(Beginning of RECORDED INFORMATION)
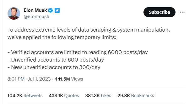 وأردف ايلون ماسك قائلا: "لمعالجة المستويات القصوى من استخراج البيانات والتلاعب بالنظام، طبقنا الحدود المؤقتة التالية"، موضحًا أن الحسابات التي تم التحقق منها تقتصر على قراءة 6000 تدوينة فقط في اليوم، والحسابات التي لم يتم التحقق منها إلى 600 تدوينة في اليوم، والحسابات الجديدة التي لم يتم التحقق منها 300 تدوينة في يوم”.
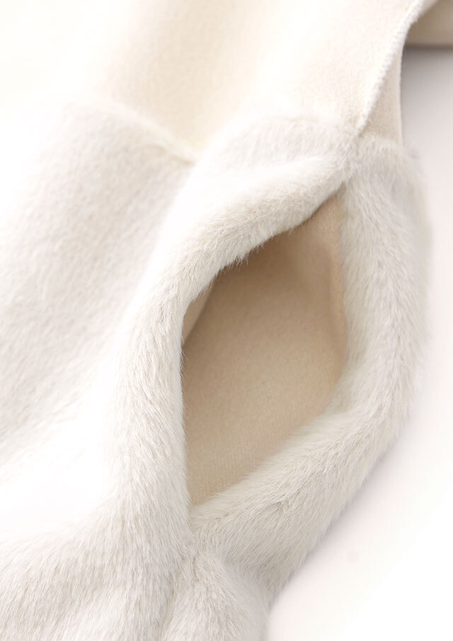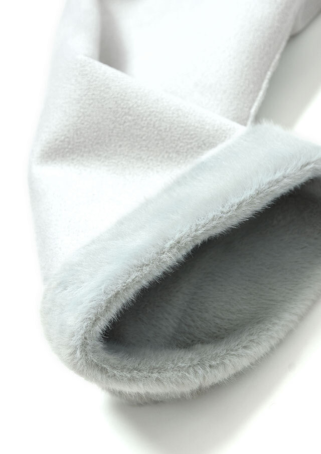 ふんわりと軽いフェイクムートンを使用し、表面はスエード調の落ち着いた質感に仕上げています。
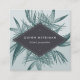 Unique square tropical design features your name and title or business name displayed on a brushed charcoal geometric element, layered over jasper green tropical palm frond leaves on a tone on tone mint green colorblock background. Add your full contact details to the reverse side, adorned with a smaller palm fronds at two corners.
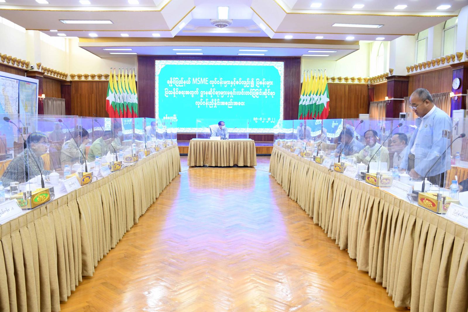 ရခိုင်ပြည်နယ် အသေးစား၊ အငယ်စားနှင့် အလတ်စားစီးပွားရေးလုပ်ငန်းများ (MSME) ဖွံ့ဖြိုး တိုးတက်ရေးနှင့်စပ်လျဉ်း၍ ပြခန်းများပြသနိုင်ရေးအတွက် ဌာနဆိုင်ရာများမှ ရှင်းလင်းတင်ပြခြင်းဆိုင်ရာ လုပ်ငန်းညှိနှိုင်းအစည်းအဝေးကို ယနေ့နံနက်ပိုင်းက ရခိုင်ပြည်နယ်အစိုးရအဖွဲ့ရုံး အစည်းအဝေးခန်းမ၌ ကျင်းပသည်။
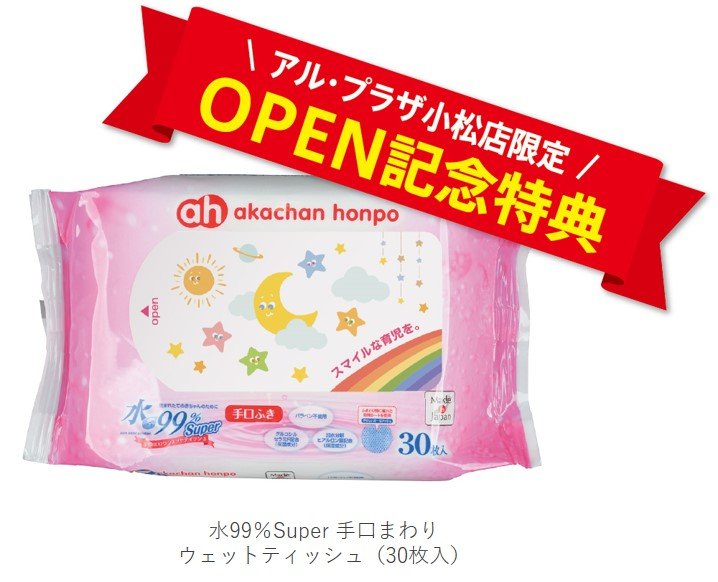 オープン記念特典として、セール期間中お買上げいただいた方に「水99%Super 手口まわりウェットティッシュ(30枚入)」をプレゼントいたします。(各日先着200名様限定 ※1家族様1点限り)
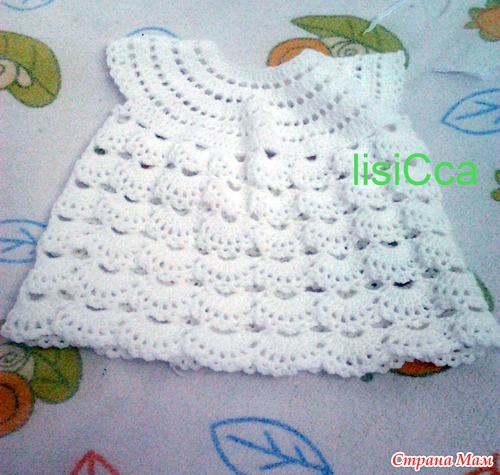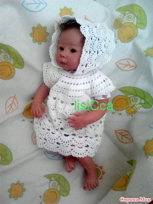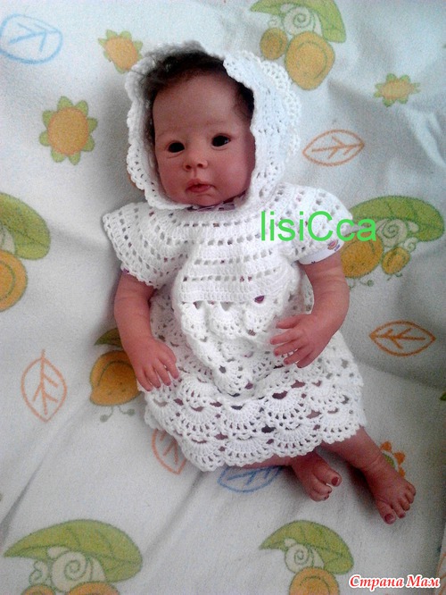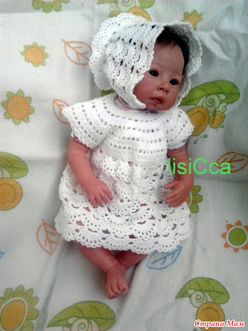 Нежный и воздушный комплект для маленькой принцессы состоит из чепчика и платьица. Идеально подойдет как подарок на рождение или на выписку. Выполнен крючком из детского акрила, мягенький =)
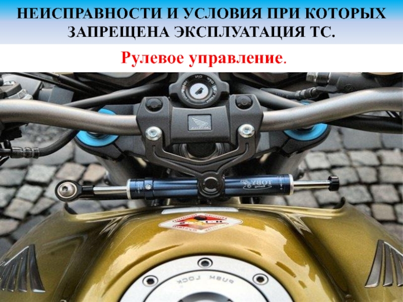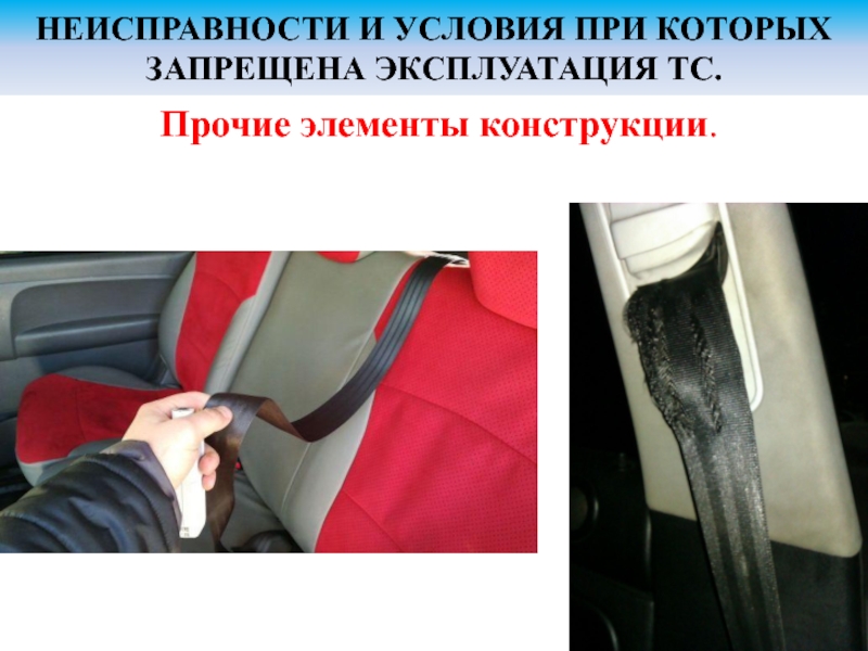 Слайд 1НЕИСПРАВНОСТИ И УСЛОВИЯ ПРИ КОТОРЫХ ЗАПРЕЩЕНА ЭКСПЛУАТАЦИЯ ТС.
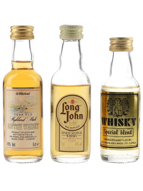 Assorted Blended Scotch Whisky Whisky Special Blend, Long John, St Michael 10 Year Old 3 x 5cl
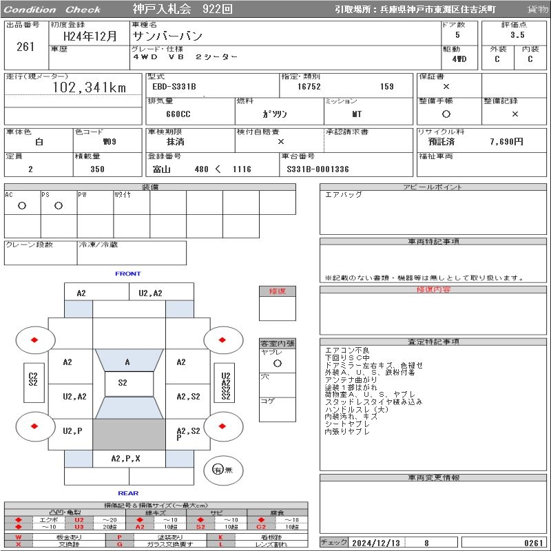 SUBARU SAMBAR VAN - лот 261
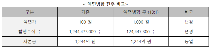 대한전선은 10대 1의 비율로 액면병합을 한다. 병합이 끝나면 보통주 액면가액은 현재 100원에서 1000원으로 높아진다. 발행주식 수는 약 12억4000만주에서 1억2400만주로 줄어든다. 자본금은 1244억원으로 병합 전과 동일하다.
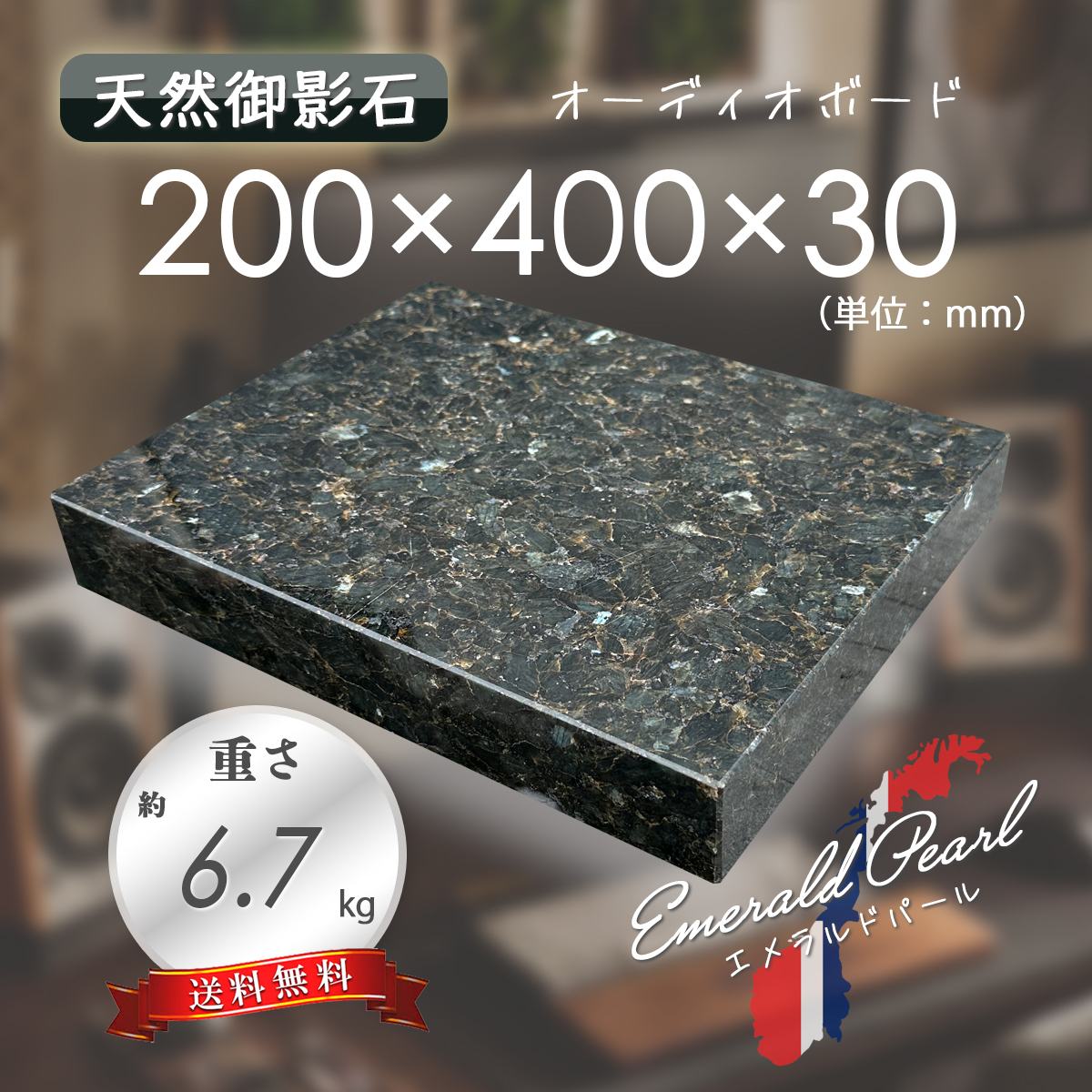 【高級天然御影石】 オーディオボード 天板 エメラルドパール 200mm×400mm×30mm 5面磨き 新品 即決 送料無料 ★超特価★
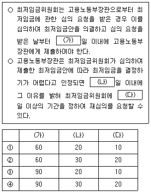 16. 「최저임금법」상 최저임금의 결정에 대한 설명 중 (가)~(다)에 들어갈 내용을 바르게 연결한 것은?
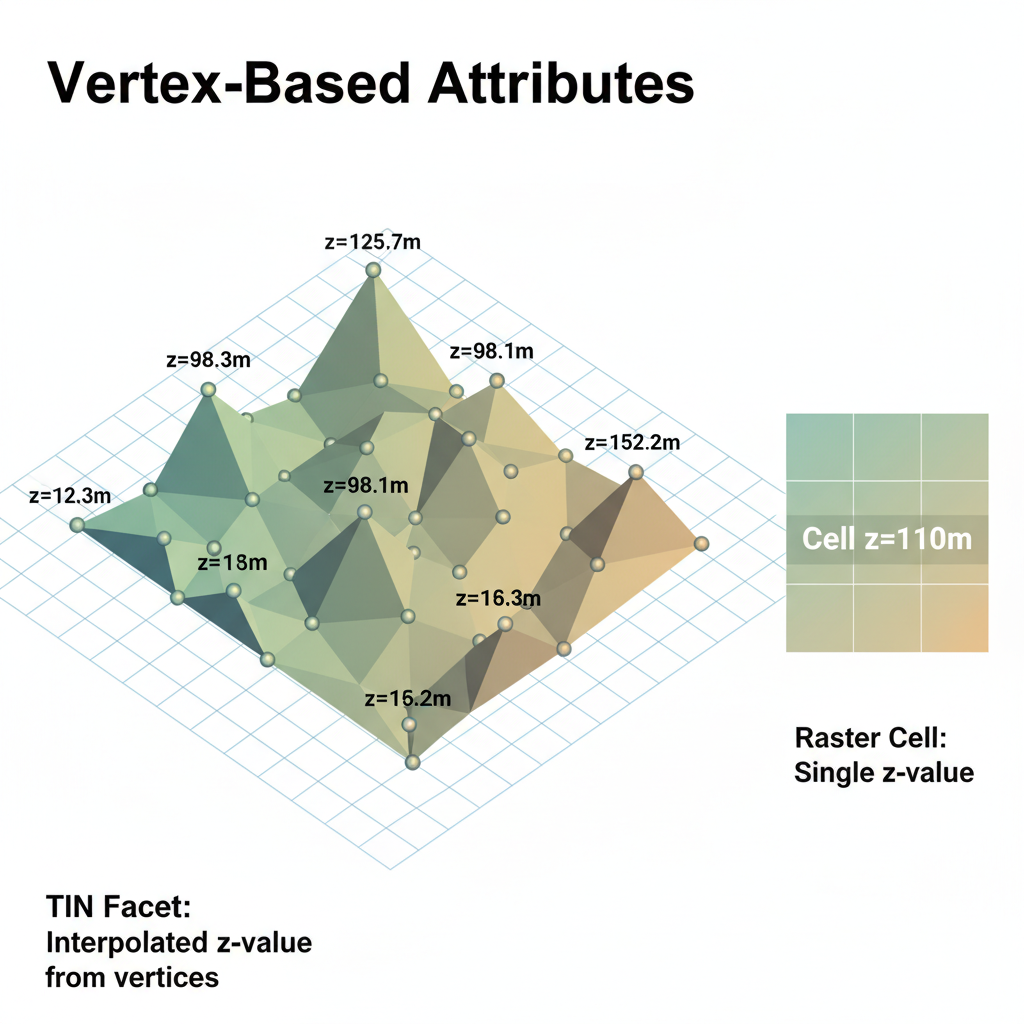 Vertex-Based Attributes: In a TIN, the primary attribute (
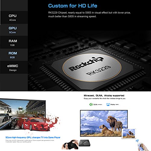 -. Title : HONGYU [New Series] D5 Android TV Box 1GB /8GB Rockchip RK3229 Quad Core 32bit Android 5.1 with 2.4G Wifi 100M LAN 4K HD H.265 HDMI OTT TV Player
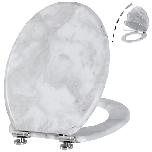 Angel Shield Toilet Seat Molded Wood Toilet Seat, Quiet Close with Quick Release Adjustable Hinges 45x37cm Oval, Fits EU Bottom-Mount Toilets (Gray Marble)
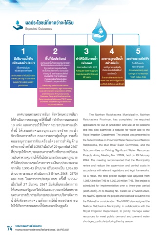 1 2 3 4 5%u0e15%u008b%u0e2d%u0e04%u0e27%u0e32%u0e21%u0e15%u008c%u0e2d%u0e07%u0e01%u0e32%u0e23%u0e2d%u0e35%u0e01 20 %u0e1b%u0082Annual electricity cost savings of no less than 10.61 million THB.%u0e17%u0e33%u0e43%u0e2b%u008c%u0e21%u0e35%u0e1b%u0e23%ufffd%u0e21%u0e32%u0e13%u0e19%u0e49%u0e33%u0e40%u0e1e%ufffd%u0e22%u0e07%u0e1e%u0e2d%u0e1b%u0082%u0e25%u0e30%u0e44%u0e21%u008b%u0e19%u008c%u0e2d%u0e22%u0e01%u0e27%u008b%u0e3210.61 %u0e25%u008c%u0e32%u0e19%u0e1a%u0e32%u0e17Adequate water supply to meet demand for the next 20 years.%u0e25%u0e14%u0e04%u008b%u0e32%u0e01%u0e23%u0e30%u0e41%u0e2a%u0e44%u0e1f%u0e1f%u0087%u0e32%u0e25%u0e14%u0e1b%u0098%u0e0d%u0e2b%u0e32%u0e04%u0e27%u0e32%u0e21%u0e02%u0e31%u0e14%u0e41%u0e22%u008c%u0e07%u0e01%u0e31%u0e1a%u0e1b%u0e23%u0e30%u0e0a%u0e32%u0e0a%u0e19%u0e43%u0e19%u0e1e%ufffd%u0e49%u0e19%u0e17%u0e35%u0e48%u0e15%u008c%u0e19%u0e19%u0e49%u0e33%u0e41%u0e25%u0e30%u0e1b%u0e25%u0e32%u0e22%u0e19%u0e49%u0e33Sustainable reduction in water loss and mitigation of conflicts between upstream %u0e25%u0e14%u0e01%u0e32%u0e23%u0e2a%u0e39%u0e0d%u0e40%u0e2a%u0e35%u0e22%u0e19%u0e49%u0e33%u0e1b%u0e23%u0e30%u0e01%u0e2d%u0e1a%u0e14%u008c%u0e27%u0e22%u0e1e%ufffd%u0e49%u0e19%u0e17%u0e35%u0e48%u0e40%u0e17%u0e28%u0e1a%u0e32%u0e25%u0e19%u0e04%u0e23%u0e19%u0e04%u0e23%u0e23%u0e32%u0e0a%u0e2a%u0e35%u0e21%u0e32%u0e2d%u0e22%u008b%u0e32%u0e07%u0e22%u0e31%u0e48%u0e07%u0e22%u0e37%u0e19%u0e1e%ufffd%u0e49%u0e19%u0e17%u0e35%u0e48%u0e2d%u0e07%u0e04%u008f%u0e01%u0e23%u0e1b%u0e01%u0e04%u0e23%u0e2d%u0e07%u0e2a%u008b%u0e27%u0e19%u0e17%u008c%u0e2d%u0e07%u0e16%u0e34%ufffd%u0e19 %u0e23%u0e2d%u0e1a%u0e19%u0e2d%u0e01%u0e2d%u0e35%u0e01 8 %u0e2d%u0e07%u0e04%u008f%u0e01%u0e23%u0e1b%u0e01%u0e04%u0e23%u0e2d%u0e07%u0e2a%u008b%u0e27%u0e19%u0e17%u008c%u0e2d%u0e07%u0e16%u0e34%ufffd%u0e19 %u0e41%u0e25%u0e30%u0e1e%ufffd%u0e49%u0e19%u0e17%u0e35%u0e48%u0e01%u0e2d%u0e07%u0e17%u0e31%u0e1e%u0e20%u0e32%u0e04%u0e17%u0e35%u0e48 2 %u0e1b%u0e23%u0e30%u0e01%u0e2d%u0e1a%u0e14%u008c%u0e27%u0e22 %u0e04%u008b%u0e32%u0e22%u0e2a%u0e38%u0e23%u0e19%u0e32%u0e23%ufffd %u0e41%u0e25%u0e30%u0e04%u008b%u0e32%u0e22%u0e2a%u0e38%u0e23%u0e18%u0e23%u0e23%u0e21%u0e1e%ufffd%u0e17%u0e31%u0e01%u0e29%u008f %u0e23%u0e27%u0e21%u0e1e%ufffd%u0e49%u0e19%u0e17%u0e35%u0e48 76.70 %u0e15%u0e32%u0e23%u0e32%u0e07%u0e01%u0e34%u0e42%u0e25%u0e40%u0e21%u0e15%u0e23 %u0e08%u0e33%u0e19%u0e27%u0e19%u0e04%u0e23%u0e31%u0e27%u0e40%u0e23%ufffd%u0e2d%u0e19%u0e17%u0e35%u0e48%u0e44%u0e14%u008c%u0e23%u0e31%u0e1a%u0e1b%u0e23%u0e30%u0e42%u0e22%u0e0a%u0e19%u008f%u0e44%u0e21%u008b%u0e19%u008c%u0e2d%u0e22%u0e01%u0e27%u008b%u0e32 350,000 %u0e04%u0e23%u0e31%u0e27%u0e40%u0e23%ufffd%u0e2d%u0e19Beneficiary areas include Nakhon Ratchasima Municipality, eight surrounding local administrative organizations (LAOs), and the Second Army Area namely Suranaree Camp and Surathamphithak Camp covering a total area of 76.70 square kilometers and benefiting no fewer than 350,000 households.%u0e1e%ufffd%u0e49%u0e19%u0e17%u0e35%u0e48%u0e23%u0e31%u0e1a%u0e1b%u0e23%u0e30%u0e42%u0e22%u0e0a%u0e19%u008f%u0e40%u0e1e%ufffd%ufffd%u0e21%u0e08%u0e32%u0e01%u0e40%u0e14%u0e34%u0e21%u0e27%u0e31%u0e19%u0e25%u0e3045,000 %u0e25%u0e39%u0e01%u0e1a%u0e32%u0e28%u0e01%u008f%u0e40%u0e21%u0e15%u0e23An increase of 45,000 cubic meters per day in raw water supply for water supply production.%u0e21%u0e35%u0e1b%u0e23%ufffd%u0e21%u0e32%u0e13%u0e19%u0e49%u0e33%u0e14%u0e34%u0e1a%u0e40%u0e1e%ufffd%u0e48%u0e2d%u0e1c%u0e25%u0e34%u0e15%u0e19%u0e49%u0e33%u0e1b%u0e23%u0e30%u0e1b%u0e32%u0009 %u0e40%u0e17%u0e28%u0e1a%u0e32%u0e25%u0e19%u0e04%u0e23%u0e19%u0e04%u0e23%u0e23%u0e32%u0e0a%u0e2a%u0e35%u0e35%u0e21%u0e32 %u0e08%u0e31%u0e31%u0e07%u0e2b%u0e27%u0e31%u0e31%u0e14%u0e19%u0e04%u0e23%u0e23%u0e32%u0e0a%u0e2a%u0e35%u0e35%u0e21%u0e32%u0e44%u0e14%u0e49%u0e49%u0e14%u0e33%u0e40%u0e19%u0e34%u0e34%u0e19%u0e01%u0e32%u0e23%u0e02%u0e2d%u0e2d%u0e19%u0e38%u0e38%u0e0d%u0e32%u0e15%u0e43%u0e0a%u0e49%u0e49%u0e1e%u0e37%u0e49%u0e49%u0e19%u0e17%u0e35%u0e48%u0e48(%u0e17%u0e33%u0e01%u0e34%u0e34%u0e08%u0e01%u0e32%u0e23%u0e19%u0e2d%u0e01%u0e40%u0e02%u0e15)10%u0e41%u0e2b%u0e48%u0e48%u0e07%u0e41%u0e25%u0e30%u0e01%u0e32%u0e23%u0e02%u0e2d%u0e43%u0e0a%u0e49%u0e49%u0e19%u0e49%u0e49%u0e33%u0e08%u0e32%u0e01%u0e01%u0e23%u0e21%u0e0a%u0e25%u0e1b%u0e23%u0e30%u0e17%u0e32%u0e19%u0e41%u0e25%u0e49%u0e49%u0e27%u0e17%u0e31%u0e49%u0e49%u0e07%u0e19%u0e35%u0e49%u0e49 %u0e44%u0e14%u0e49%u0e49%u0e40%u0e2a%u0e19%u0e2d%u0e15%u0e48%u0e48%u0e2d%u0e04%u0e13%u0e30%u0e2d%u0e19%u0e38%u0e38%u0e01%u0e23%u0e23%u0e21%u0e01%u0e32%u0e23%u0e17%u0e23%u0e31%u0e31%u0e1e%u0e22%u0e32%u0e01%u0e23%u0e19%u0e49%u0e49%u0e33%u0e08%u0e31%u0e31%u0e07%u0e2b%u0e27%u0e31%u0e31%u0e14%u0e19%u0e04%u0e23%u0e23%u0e32%u0e0a%u0e2a%u0e35%u0e35%u0e21%u0e32%u0e04%u0e13%u0e30%u0e01%u0e23%u0e23%u0e21%u0e01%u0e32%u0e23%u0e25%u0e38%u0e48%u0e48%u0e21%u0e19%u0e49%u0e49%u0e33%u0e21%u0e39%u0e39%u0e25 %u0e23%u0e27%u0e21%u0e17%u0e31%u0e49%u0e49%u0e07%u0e04%u0e13%u0e30%u0e2d%u0e19%u0e38%u0e38%u0e01%u0e23%u0e23%u0e21%u0e01%u0e32%u0e23%u0e02%u0e31%u0e31%u0e1a%u0e40%u0e04%u0e25%u0e37%u0e48%u0e48%ufffd%u0e2d%u0e19%u0e42%u0e04%u0e23%u0e07%u0e01%u0e32%u0e23%u0e2a %u0e33%u0e04%u0e31%u0e31%u0e0d%u0e14%u0e49%u0e49%u0e32%u0e19%u0e17%u0e23%u0e31%u0e31%u0e1e%u0e22%u0e32%u0e01%u0e23%u0e19%u0e49%u0e49%u0e33%u0e04%u0e23%u0e31%u0e49%u0e49%u0e07%u0e17%u0e35%u0e48%u0e481/2567%u0e40%u0e21%u0e37%u0e48%u0e48%ufffd%u0e2d%u0e27%u0e31%u0e31%u0e19%u0e17%u0e35%u0e48%u0e48%ufffd29 %u0e01%u0e38%u0e38%u0e21%u0e20%u0e32%u0e1e%u0e31%u0e31%u0e19%u0e18%u0e4c%u0e4c2567%u0e17%u0e35%u0e48%u0e48%ufffd%u0e1b%u0e23%u0e30%u0e0a%u0e38%u0e38%u0e21%u0e43%u0e2b%u0e49%u0e49%u0e40%u0e17%u0e28%u0e1a%u0e32%u0e25%u0e19%u0e04%u0e23%u0e19%u0e04%u0e23%u0e23%u0e32%u0e0a%u0e2a%u0e35%u0e35%u0e21%u0e32%u0e1e%u0e34%u0e34%u0e08%u0e32%u0e23%u0e13%u0e32%u0e1b%u0e23%u0e31%u0e31%u0e1a%u0e25%u0e14%u0e27%u0e07%u0e40%u0e07%u0e34%u0e34%u0e19%u0e04%u0e48%u0e48%u0e32%u0e04%u0e27%u0e1a%u0e04%u0e38%u0e38%u0e21%u0e07%u0e32%u0e19%u0e43%u0e2b%u0e49%u0e49%u0e40%u0e1b%u0e47%u0e47%u0e19%u0e44%u0e1b%u0e15%u0e32%u0e21%u0e2
(End of RECORDED INFORMATION)
■ **TRY IT**:
Print exactly the lines running from the start of the entries above to the line with "ふんわりと軽いフェイクムート", both included; leave out any pictures.

■ **REPLY TO THE EXERCISE**:
 وأردف ايلون ماسك قائلا: "لمعالجة المستويات القصوى من استخراج البيانات والتلاعب بالنظام، طبقنا الحدود المؤقتة التالية"، موضحًا أن الحسابات التي تم التحقق منها تقتصر على قراءة 6000 تدوينة فقط في اليوم، والحسابات التي لم يتم التحقق منها إلى 600 تدوينة في اليوم، والحسابات الجديدة التي لم يتم التحقق منها 300 تدوينة في يوم”.
 ふんわりと軽いフェイクムートンを使用し、表面はスエード調の落ち着いた質感に仕上げています。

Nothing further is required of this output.